CN101819637A

CN101819637A - Method for detecting image-based spam by utilizing image local invariant feature

Info

Publication number: CN101819637A
Application number: CN 201010139946
Authority: CN
Inventors: 张卫丰; 杨波; 周国强; 张迎周; 陆柳敏; 许碧娣; 王慕妮; 王宗辉; 韩蕊; 陆柳青
Original assignee: Nanjing Post and Telecommunication University
Current assignee: Nanjing Post and Telecommunication University; Nanjing University of Posts and Telecommunications
Priority date: 2010-04-02
Filing date: 2010-04-02
Publication date: 2010-09-01
Anticipated expiration: 2030-04-02
Also published as: CN101819637B

Abstract

The invention relates to a method for detecting image-based spam by utilizing the image local invariant feature, which comprises the steps of extracting invariant region feature of spam information in an image by utilizing the accelerated extraction algorithm with the robust feature, further generating a feature vector of the image, estimating parameters of a Gaussian mixture model by using the maximum likelihood algorithm and training a classifier of the Gaussian mixture model. Experiments show that the method can improve the recall rate of the spam and save the program computation time and the space. The classifier based on the Gaussian mixture model is obtained.

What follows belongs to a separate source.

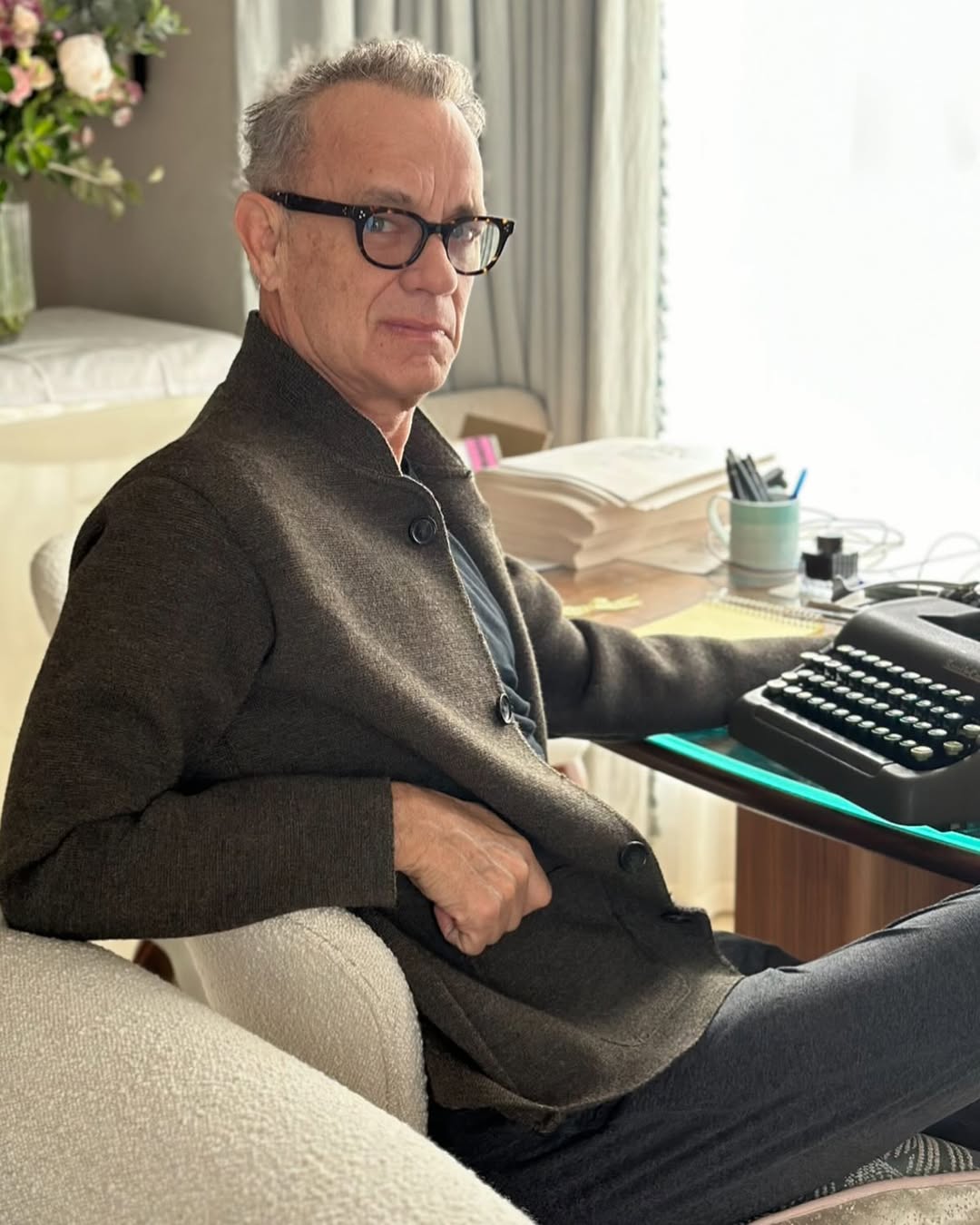 На фотографии Хенкс изображен, сидя за письменным столом возле пишущей машинки. Одет актер в серые брюки и коричневый пиджак. Свой образ он дополнил очками.

The realizing method for detecting the image-based spam comprises three modules of the extraction of the image feature, the estimation of the parameters of the Gaussian mixture model and the detection of the image-based spam.

Description

Utilize the method for the local invariant feature detection image spam email of picture

Technical field

The present invention is a kind of local invariant feature of utilizing the rubbish picture, train gauss hybrid models, to the implementation that image spam email detects, mainly solved current technology to problems such as picture type spam detection efficient and recall rate are low, belong to data mining and machine learning field.

Background technology

Email has become people and has carried out the important channel that internet exchange is linked up, but because huge commerce, economy and political interest causes spam quantity sharply swollen.Originally Sheng Hang spam be with junk information such as advertisements with in the written form embedded images, text that people such as Hrishikesh excavate out in utilization and color characteristic come mail classify [1].Fumera etc. have proposed the text message of a kind of OCR (optical character identification) technology for detection image spam email in 2006, other filtering systems better detect effect [2] relatively.Simultaneously spammer are also constantly being strengthened the ability of the escape detection system of spam, and they have carried out Fuzzy Processing to the image that is embedded with junk information such as advertisement, and this movement makes that the OCR technology is lack scope for their abilities.Dredzeet al. has proposed to utilize the feature that exceeds of picture to come picture is classified, the picture file layout, size, color distribution etc. [3], advantage is can be faster than the speed of the low layers such as edge feature of picture, and have extendability preferably, can with the effective combination of image filtering device at stratum characteristic.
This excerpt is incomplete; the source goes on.